1974 film by C. V. Rajendran

Sivakamiyin Selvan is a 1974 Indian Tamil-language film directed by C. V. Rajendran, starring Sivaji Ganesan, Vanisri and Latha. It is a remake of the Hindi film Aradhana (1969). The film was released on 26 January 1974.

== Plot ==
Indian Air Force pilot Flight Lieutenant Ashok is in love with Sivakami. They have a secret wedding and Sivakami becomes pregnant. Ashok dies in a plane crash soon after. Looking for support, Sivakami tells her father about her pregnancy, but he dies too, leaving Sivakami alone with her newborn child, who she names Ananth. Fearing being shamed for having an illegitimate child, Sivakami places Ananth in an orphanage, with the idea of adopting him the next day, thus concealing his origin. Before she can adopt Ananth, a rich man whose wife had already lost many children and had lost one again, comes to the orphanage, and adopts Ananth.

When she realises what has happened, Sivakami goes to the rich man's house and explains the situation. He takes pity on her, and hires her as a servant so that she can be close to her son. He also emphasises that Sivakami must not reveal her relationship to Ananth to his wife, who is fond of Ananth. She promises him that she would not. Meanwhile, the wife's brother sees Sivakami, and wants to marry her. When she rejects his proposal, he tries to rape her, but Ananth kills him with scissors. Sivakami tells Ananth to leave the scene, and takes the blame for him by picking up the scissors and claiming that she is the killer. She is arrested.

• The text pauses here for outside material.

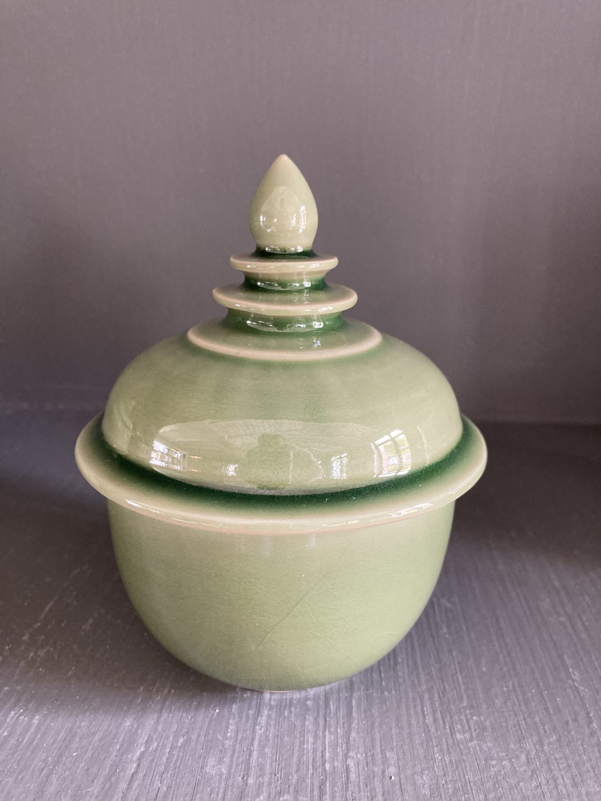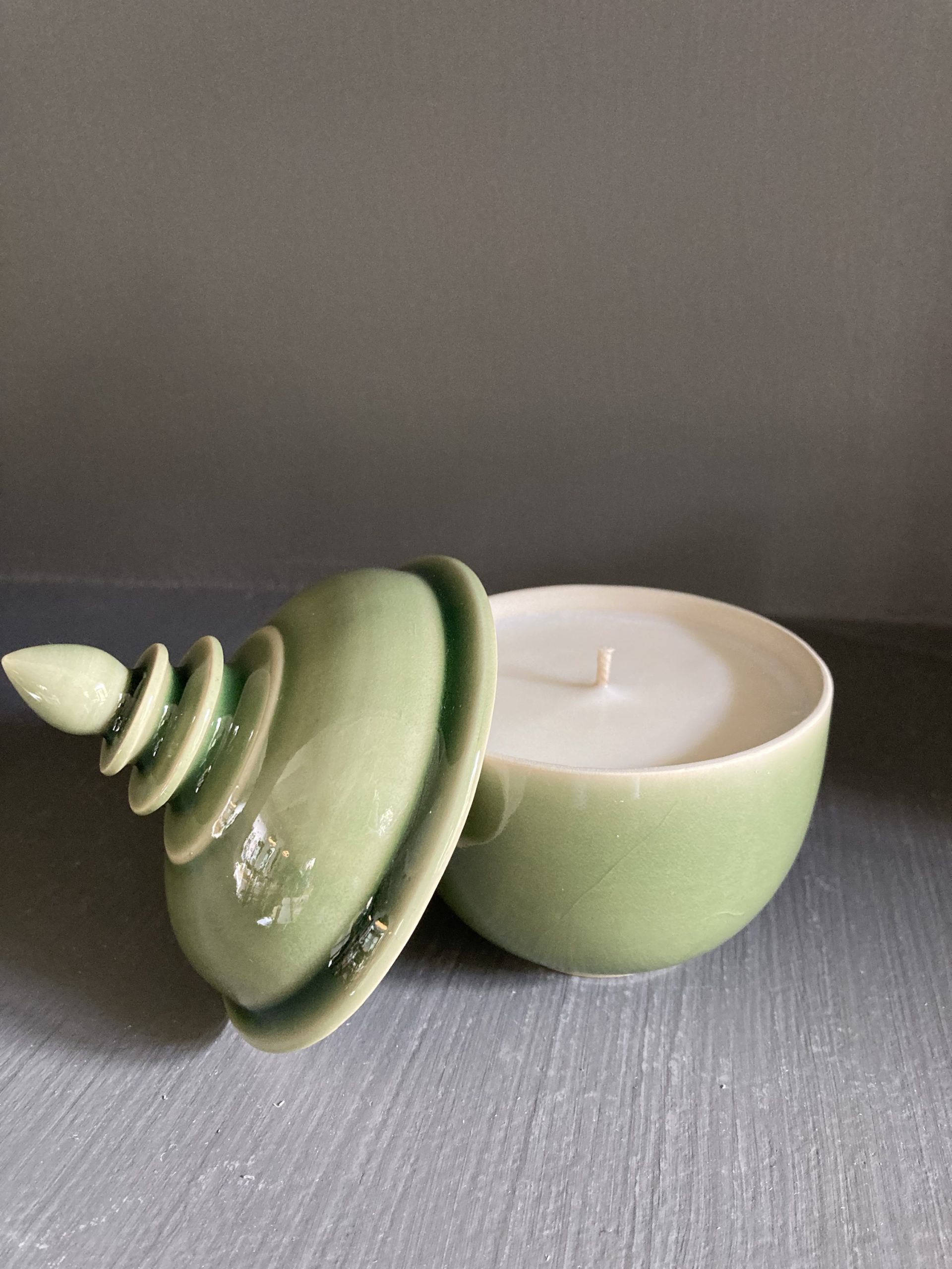 160gms pure soy wax hand poured into one of our exclusive range of handmade ceramics. This stunning pot is glossy celadon green and is 125mm high and 100mm wide.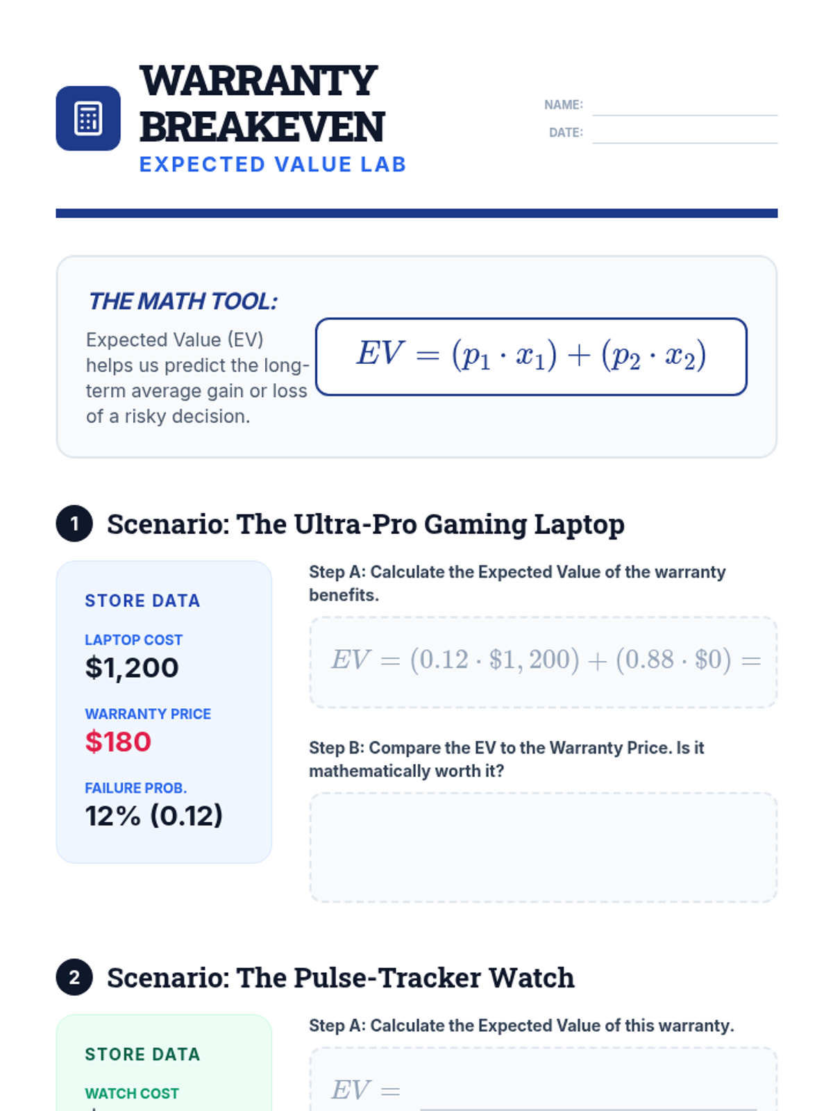 Students use expected value to analyze the financial viability of extended warranties on consumer electronics, determining when protection plans are mathematically sound.

20 years later, Sivakami is released from prison. Meanwhile, the rich man's wife learns of Sivakami's history from her husband, and she is shocked. Sivakami returns to their home, and is met there by a girl living there, Kavitha. They get along well, and Kavitha takes Sivakami to the airport to meet her fiancé, who turns out to be Ananth. However, he does not recognise Sivakami as he was much younger when he last saw her. One day he finds a diary and sees pictures of his parents, and himself with his mother. He then realises who Sivakami is, and asks her to come to his awards ceremony. During the ceremony, he asks his mother to present him with the award, to which she agrees. The film ends with Sivakami and Ananth on the stage together.

== Production ==
Sivagamiyin Selvan is a remake of the Hindi film Aradhana (1969). It is the only film where Sivaji Ganesan and Latha acted together. Some scenes and songs were shot at Darjeeling. The filming ended with the shoot of a song sequence at Thekkady.

== Soundtrack ==
The music was composed by M. S. Viswanathan. Donot edit. LPs shared and lyricists are in order

| Song | Singers | Lyrics | Length |
| "Ullam Rendum" | T. M. Soundararajan | Vaali | 04:43 |
| "Ethanai Azhagu" | S. P. Balasubrahmanyam | Pulamaipithan | 04:28 |
| "Aadikku Pinne Avani matham" | T. M. Soundararajan, L. R. Eswari | kannadasan | 04:30 |
| "Iniyavale" | T. M. Soundararajan, P. Susheela | Pulamaipithan | 04:43 |
| "Mela Thaalam" | T. M. Soundararajan, P. Susheela | kannadasan | 03:30 |
| "Yedarkkum Oru Kaalam Varum-(Inbathilum)" | M. S. Viswanathan | Vaali | 04:13 |
| "En Rajavin Rojamugam" | P. Susheela | 04:23 |

== Release and reception ==
Sivagamiyin Selvan was released on 26 January 1974. The magazine Kumudam positively reviewed the film, comparing it favourably to the Hindi original. According to Rajendran, the film did not do well as the Hindi original ran well in Chennai for one year and felt remaking it was a wrong decision.